Mining social networks
Pau Agulló, NeoMetrics
Traditional consumer behaviour analysis considers customers as individual observations, independent from everyone else. On this framework, future behaviour is only dependent on profile and past behaviour. Reality, however, is more complex. People interact with each other to exchange information and opinions on products and services. These contacts have an impact on future customers' behaviour. Social networks analysis allows organizations to identify connections among customers, what communities exist and what roles each user plays in those communities. Certain users influence others and others are influenced. Managing correctly customer relationships using this new dimension will provide a sustainable competitive advantage to those who succeed in mastering it.
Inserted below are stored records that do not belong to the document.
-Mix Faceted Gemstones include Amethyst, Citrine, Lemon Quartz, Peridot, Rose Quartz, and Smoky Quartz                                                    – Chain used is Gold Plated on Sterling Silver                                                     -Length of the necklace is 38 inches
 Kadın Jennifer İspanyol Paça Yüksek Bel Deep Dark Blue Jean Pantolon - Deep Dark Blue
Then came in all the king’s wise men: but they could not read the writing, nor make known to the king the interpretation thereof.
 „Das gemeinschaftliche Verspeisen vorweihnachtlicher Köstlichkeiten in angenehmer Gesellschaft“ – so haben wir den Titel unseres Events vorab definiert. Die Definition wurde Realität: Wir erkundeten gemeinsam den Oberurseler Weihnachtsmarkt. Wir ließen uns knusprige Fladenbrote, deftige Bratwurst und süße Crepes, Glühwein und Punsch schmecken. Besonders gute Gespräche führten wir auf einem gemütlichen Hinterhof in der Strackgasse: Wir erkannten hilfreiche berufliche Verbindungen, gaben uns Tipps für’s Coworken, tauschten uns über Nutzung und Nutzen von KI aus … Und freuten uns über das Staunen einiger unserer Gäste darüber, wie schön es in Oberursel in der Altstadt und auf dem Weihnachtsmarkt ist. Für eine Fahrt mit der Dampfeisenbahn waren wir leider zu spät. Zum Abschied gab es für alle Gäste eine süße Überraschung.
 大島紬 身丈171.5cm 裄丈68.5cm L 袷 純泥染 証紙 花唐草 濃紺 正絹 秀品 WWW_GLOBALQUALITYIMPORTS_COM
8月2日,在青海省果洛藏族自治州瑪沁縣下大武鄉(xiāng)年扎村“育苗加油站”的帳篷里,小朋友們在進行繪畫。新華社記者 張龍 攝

Flexible QSAR: functional machine learning in computational chemistry
Ignasi Belda, Intelligent Pharma
QSAR (Quantitative Structure-Activity Relationship) modelling is a usual step in drug discovery. QSAR methods use statistical and machine learning tools to draw out the significant relationships between the molecular structure of the drug candidates (the molecules) and its biological profile. To achieve such a goal, researchers usually describe the molecules with arrays of physico-chemical properties, such as total molecular charge, molecular weight, number of hydrogen bonds donors, etc. However, the predictive accuracy of statistical and machine learning tools in QSAR have been typically very low and more advanced tools are needed to achieve higher degrees of usage of QSAR drug discovery processes. For such a reason, at Intelligent Pharma, we have been researching in the field of functional data mining, that is, data mining of information described through functions, not only with fixed properties. By using functional data mining approaches, we can deal with physico-chemical parameters such as the volume of the molecules, which is a variable property that varies depending on the energy of the system and its flexibility. Therefore, more accurate predictive models can be built by using these approaches in the field of QSAR and drug discovery. The machine learning tool used in this research is support vector machines.
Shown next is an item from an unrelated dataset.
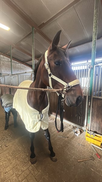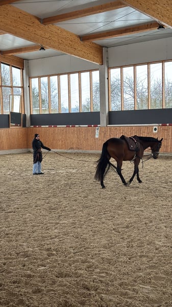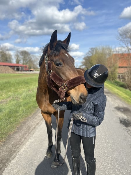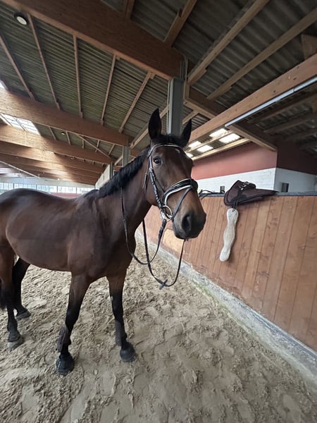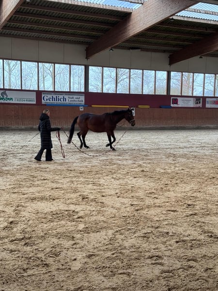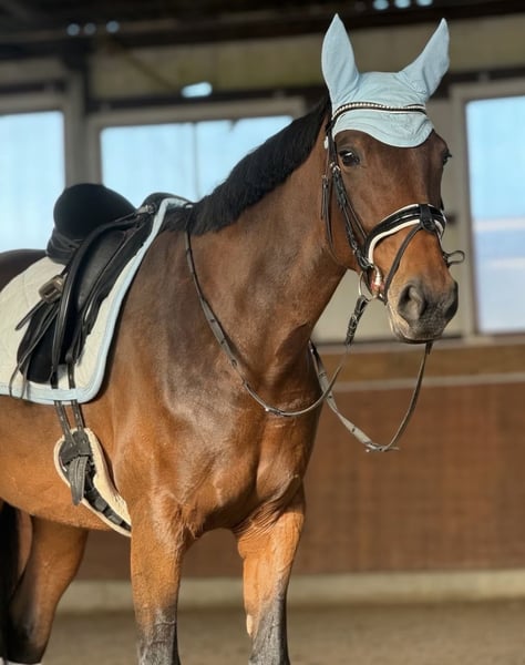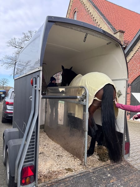 Zum Verkauf steht die 5-jährige Traberstute Louane Memory TF (geb. 2021) mit einem aktuellen Stockmaß von ca. 1,65 m (noch im Wachstum). Louane befindet sich aktuell im Beritt und zeigt sich als sensible, aber ehrliche Stute mit Entwicklungspotenzial. Sie verfügt über gute Grundgangarten, hat jedoch aktuell noch Schwierigkeiten beim sicheren Angaloppieren und benötigt hierbei eine klare, führende Hand. Im Gelände ist sie absolut zuverlässig und unerschrocken – auch größere Fahrzeuge wie LKW oder Traktoren sowie andere Tiere sind für sie kein Problem. Unter dem Sattel zeigt Sie ihre sensible Art, weshalb sie von einem erfahrenen Reiter gut gefördert und weiterentwickelt werden kann. Hier bedarf es einen klaren Rahmen,Erfahrung und Ruhe. Ausbildung & Eigenschaften: • im Beritt • geländesicher • vom Boden aus gearbeitet • nicht schreckhaft • kennt Umweltreize (LKW, Traktoren, Tiere) • verträglich mit anderen Pferden • schmiedefromm Weitere Angaben: • gute Abstammung, daher auch interessant für die Zucht • gesund • mit Papieren • Zubehör inklusive (z.B Kentaur Dressur Sattel) Standort: 59269 Beckum Das probereiten kostet 30€, die beim Kauf selbstverständlich angerechnet werden. Louane wird nur in erfahrene und fördernde Hände abgegeben. Platz vor Preis.

Machine Learning in Microsoft's Online Services: TrueSkill, AdPredictor, and Matchbox
Thore Graepel, MSR
Machine Learning plays a crucial role in Microsoft's online services. In this talk, I will describe three powerful applications of machine learning.
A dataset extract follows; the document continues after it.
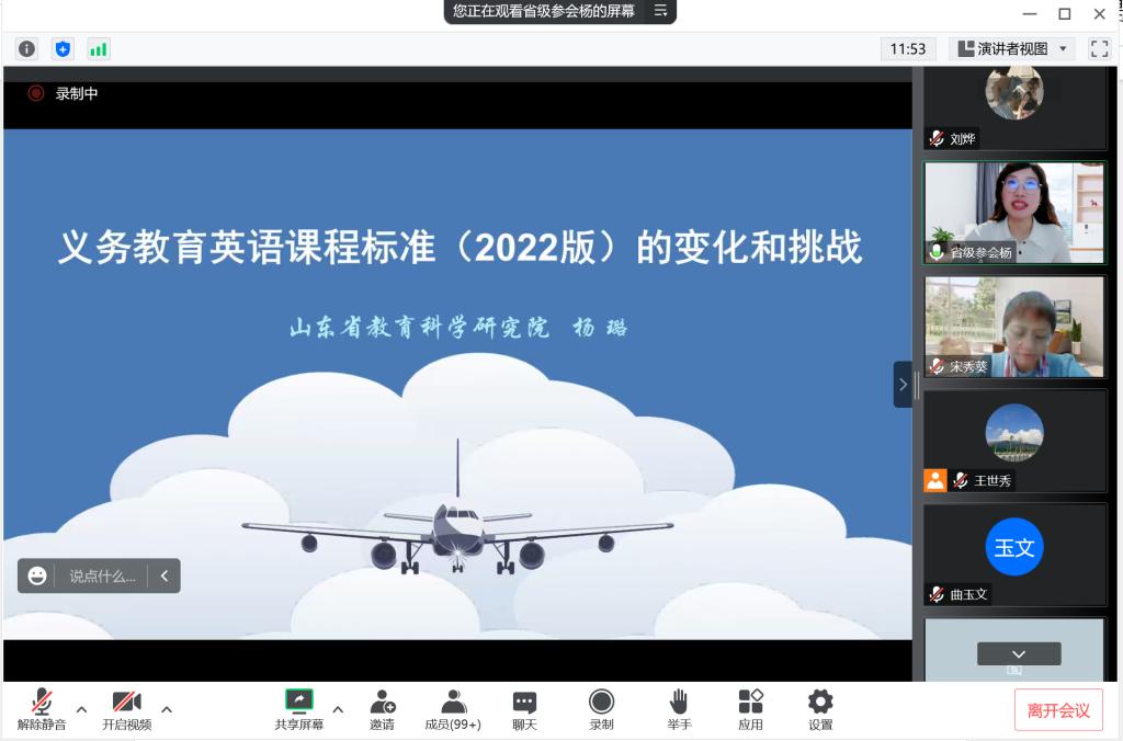 5月8日晚,外国语学院特邀山东省教育科学研究院教育评估所副所长、小初高中校本课程教研员、正高级教师、国培专家库专家杨璐开展了题为“义务教育英语新课标的变化与挑战”的线上讲座。本次讲座由外国语学院院长宋秀葵主持,外国语学院全体任课教师、2020级和2021级英语专业师范类全体学生、学院实习基地东阿实验中学和章丘中学的英语教师参加。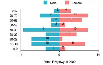 According to the 2002 Poland census, there were 110 people residing in Potok Rządowy village, of whom 52.7% were male and 47.3% were female. In the village, the population was spread out, with 20% under the age of 18, 32.7% from 18 to 44, 18.2% from 45 to 64, and 29.1% who were 65 years of age or older.[1]

All three systems have in common that they are based on techniques from graphical models and approximate Bayesian inference, yet operate at large scale. I will discuss the underlying models and algorithms as well as application-specific insights and findings. Time permitting, I will show the three systems in action. This is based on joint work with Ralf Herbrich, David Stern, Thomas Borchert, Tom Minka, and Joaquin Quiñonero Candela.TrueSkill is Xbox Live's Ranking and Matchmaking system and ensures that gamers online have balanced and exciting matches with equally skilled opponents.